For example, I might want to send 5 seconds of sound to player A,
then receive 4 seconds from player B, do something with and send the
result to some (wireless) speakers, etc.
Another idea is to have an ensemble of cheap wireless I/O devices
(microphone + amplifier) running the AoO library (C++) as a portable
multichannel system.
Christof
On 24.06.2020 09:04, Frederic Robinson wrote:
Hi Christof,
That sounds very exciting!

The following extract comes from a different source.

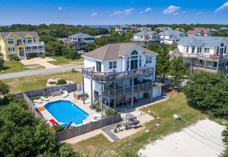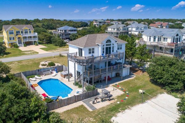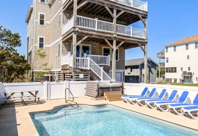 OBX Diamond is a 7 bedroom, sound front, dog-friendly home in Kitty Hawk that offers a private pool, foosball and pool table, hot tub, pool towels and Blue standard bedding, and more. Guests noted that this home... See More

I’ll try this out as soon as I can.
In fact, that is one of the main use cases for this library ;-)
I’m curious, what kind of projects did you use this in?
Best regards,
Frederic
--
Frederic Robinson
Scientia PhD Candidate || Spatial Sonic Interaction Design
@ UNSW Creative Robotics Lab & Interactive Media Lab
https://robinson.audio | +61 478 429 800
On 23 Jun 2020, 10:05 +1000, Christof Ressi
<[email protected]>, wrote:
Hi,
Do you have experience with sending from one source to multiple
devices via Wifi?
Sure, we did this all the time. In fact, that is one of the main
use cases for this library ;-)
If you send within a private network, you can use the "pcm" format
for uncompressed audio, but for the public internet you might
consider using the "opus" format for substantially lower bandwidth,
especially when you're sending to many endpoints. A stereo 16-bit
PCM stream @ 44.1 kHz takes about 1.4 Mbit/s. With Opus you can set
the bandwidth to 120000 (= 128 kBit/s) and still get decent
quality. This means you can send 11 opus stream for a single PCM
stream :-)
Christof
On 23.06.2020 01:28, Frederic Robinson wrote:
Dear Christof,
I just learned about this library. Looks amazing, great work!

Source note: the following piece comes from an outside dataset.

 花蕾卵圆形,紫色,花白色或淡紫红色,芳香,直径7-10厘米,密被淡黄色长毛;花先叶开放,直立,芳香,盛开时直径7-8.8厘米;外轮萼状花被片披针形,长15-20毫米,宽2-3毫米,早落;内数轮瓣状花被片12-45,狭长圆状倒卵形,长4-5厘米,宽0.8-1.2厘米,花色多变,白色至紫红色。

Do you have experience with sending from one source to multiple
devices via Wifi?
Best regards,
Frederic
--
Frederic Robinson
Scientia PhD Candidate || Spatial Sonic Interaction Design
@ UNSW Creative Robotics Lab & Interactive Media Lab
https://robinson.audio | +61 478 429 800
On 22 Jun 2020, 23:22 +1000, Christof Ressi
<[email protected]>, wrote:
Dear list,
here's a new pre-release for the AoO multichannel audio streaming
library. In the last two months, the library has been seen many
improvements and has been used successfully in our Virtual
Rehearsal Room project (see vrr.iem.at <https://vrr.iem.at/>).
Binaries for all common platforms (Windows, macOS, Linux, ARM
boards) are available on Deken (search for "aoo"). The source
code can be found here: https://git.iem.at/cm/aoo
See the help patches (aoo_send~-help.pd, aoo_receive~-help.pd,
aoo_server.pd) for usage instructions.
If you want to stream between different home networks (without
port forwarding), you can use [aoo_client] and connect to our
public AoO server at the IEM (hostname: vrr.iem.at, port: 7077).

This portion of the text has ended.